- **Your objective**:
Your reply is to be the lines below, exactly as written, with images omitted.

[Collected data]
──────────────────────────────

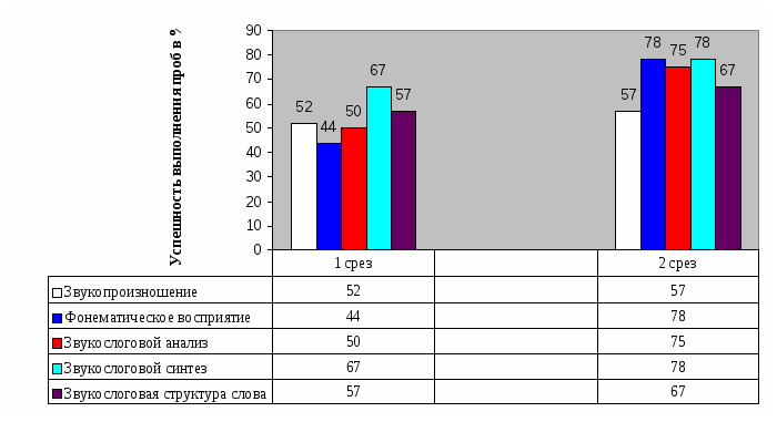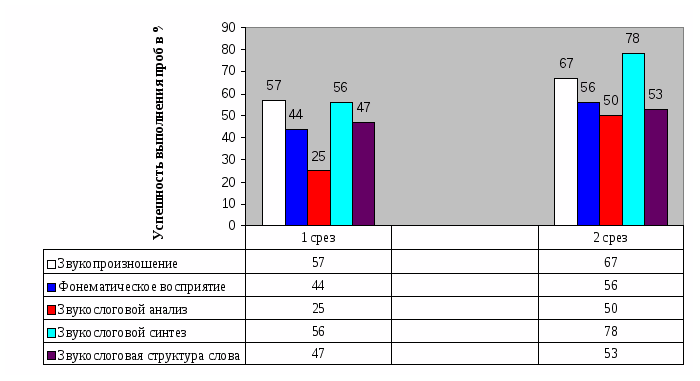 Объем и структура работы: дипломная работа состоит из введения, трех глав, заключения, списка изученной литературы (34 источника). Объем - 111страниц компьютерного набора без приложения. Она содержит 12 таблиц, 5 диаграмм, дидактические материалы для исследования звукослогового анализа и синтеза; протоколы обследования звукослогового анализа и синтеза.
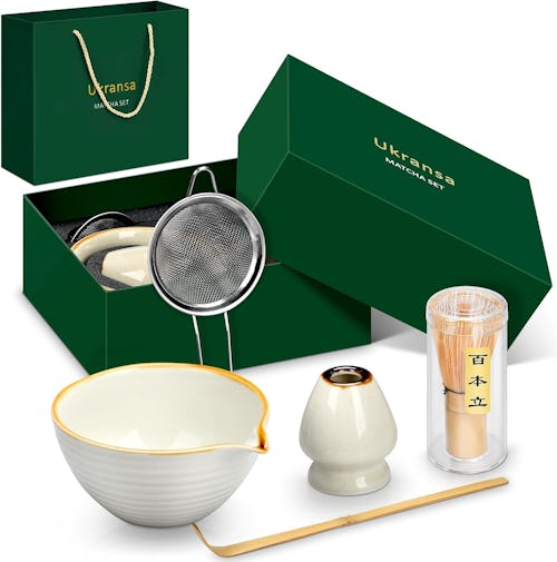 This matcha set provides all the tools you need to perfect a traditional cup of Japanese tea. It includes a hand-carved bamboo whisk, a ceramic whisk holder, a ceramic bowl with a spout, a wooden scoop, and a steel-mesh sifter, all in a green box for gifting or storage. “Absolutely stunning,” said one reviewer. “It’s perfect for my morning matcha ritual.”
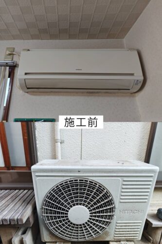 大分市でエアコンの効きを改善!古い日立製から最新の白くまくんへ交換した電気工事
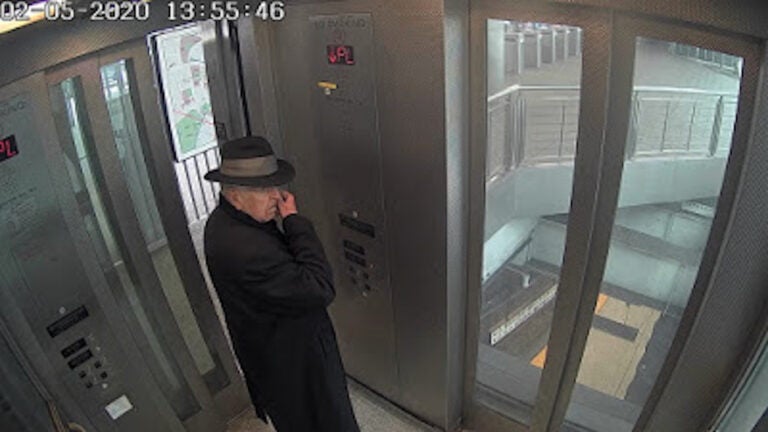 Police released surveillance images in a news release on Friday showing the man in an MBTA elevator, wearing a black hat and a black trench coat.
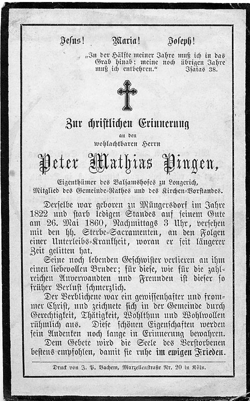 Ledig; Eigentümer des Balsamshofes zu Longerich; Mitgl. Gemeindrat u. Kirchenvorstand |
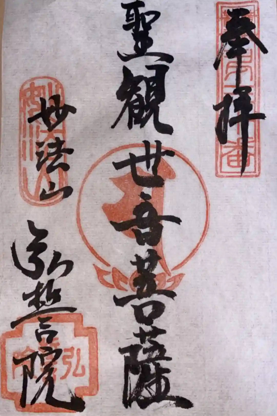 御朱印中央には、ご本尊「聖観世音菩薩」の文字が書かれています。右上には、弘法大師二十一ヶ所の第十番の印が押されています。 | |||
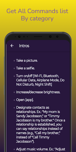 Our App provides a complete guide list of Siri Commands, voice commands assistance by Apple. Siri commands for android are divided into categories:
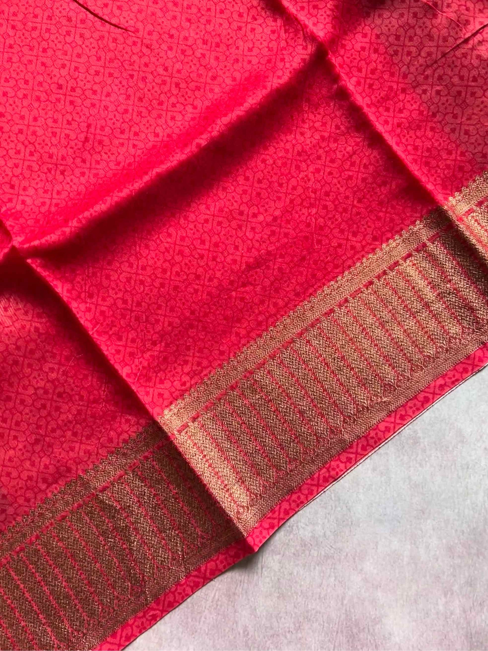 Chanderi butter silk epitomizes elegance and sophistication with its sheer, lightweight texture and natural sheen. This luxurious fabric seamlessly blends traditional charm with contemporary style, making it a timeless choice for any wardrobe. Its breathability and comfort further enhance its appeal, making Chanderi butter silk not just a fabric, but a work of art.
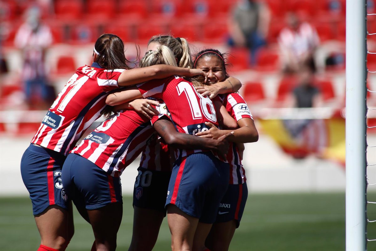 La jugadora del Atlético Ludmila da Silva celebra un gol con sus compañeras en un partido de la Primera Iberdrola. - Oscar J. Barroso / AFP7 / Europa Press
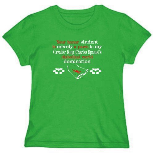 T-Shirt Womens Green " Your honor student is merely a pawn in my Cavalier King Charles Spaniel's diabolical world domination " Dogs Review
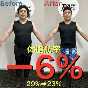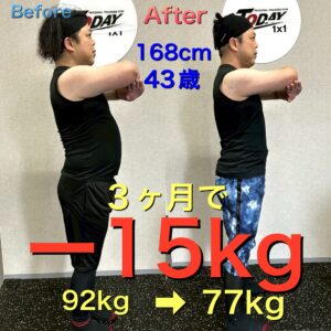 TODAYでの週1回のパーソナルトレーニング、TODAY食事メニューで3ヶ月管理、体重は3ヶ月で驚きのマイナス15kg!
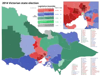 A redistribution of Victoria's state electoral boundaries took place from 2012 to 2013. The final boundaries were gazetted on 17 October 2013 and were used for the 2014 state election.[20]
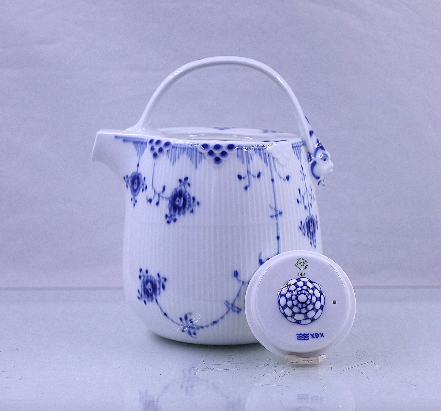 Royal Copenhagen. Tekande nr. 142, låg nr. 143. Blå Elements tekande

──────────────────────────────

- **Exercise response**:
 Объем и структура работы: дипломная работа состоит из введения, трех глав, заключения, списка изученной литературы (34 источника). Объем - 111страниц компьютерного набора без приложения. Она содержит 12 таблиц, 5 диаграмм, дидактические материалы для исследования звукослогового анализа и синтеза; протоколы обследования звукослогового анализа и синтеза.
 This matcha set provides all the tools you need to perfect a traditional cup of Japanese tea. It includes a hand-carved bamboo whisk, a ceramic whisk holder, a ceramic bowl with a spout, a wooden scoop, and a steel-mesh sifter, all in a green box for gifting or storage. “Absolutely stunning,” said one reviewer. “It’s perfect for my morning matcha ritual.”
 大分市でエアコンの効きを改善!古い日立製から最新の白くまくんへ交換した電気工事
 Police released surveillance images in a news release on Friday showing the man in an MBTA elevator, wearing a black hat and a black trench coat.
 Ledig; Eigentümer des Balsamshofes zu Longerich; Mitgl. Gemeindrat u. Kirchenvorstand |
 御朱印中央には、ご本尊「聖観世音菩薩」の文字が書かれています。右上には、弘法大師二十一ヶ所の第十番の印が押されています。 | |||
 Our App provides a complete guide list of Siri Commands, voice commands assistance by Apple. Siri commands for android are divided into categories:
 Chanderi butter silk epitomizes elegance and sophistication with its sheer, lightweight texture and natural sheen. This luxurious fabric seamlessly blends traditional charm with contemporary style, making it a timeless choice for any wardrobe. Its breathability and comfort further enhance its appeal, making Chanderi butter silk not just a fabric, but a work of art.
 La jugadora del Atlético Ludmila da Silva celebra un gol con sus compañeras en un partido de la Primera Iberdrola. - Oscar J. Barroso / AFP7 / Europa Press
 T-Shirt Womens Green " Your honor student is merely a pawn in my Cavalier King Charles Spaniel's diabolical world domination " Dogs Review
 TODAYでの週1回のパーソナルトレーニング、TODAY食事メニューで3ヶ月管理、体重は3ヶ月で驚きのマイナス15kg!
 A redistribution of Victoria's state electoral boundaries took place from 2012 to 2013. The final boundaries were gazetted on 17 October 2013 and were used for the 2014 state election.[20]
 Royal Copenhagen. Tekande nr. 142, låg nr. 143. Blå Elements tekande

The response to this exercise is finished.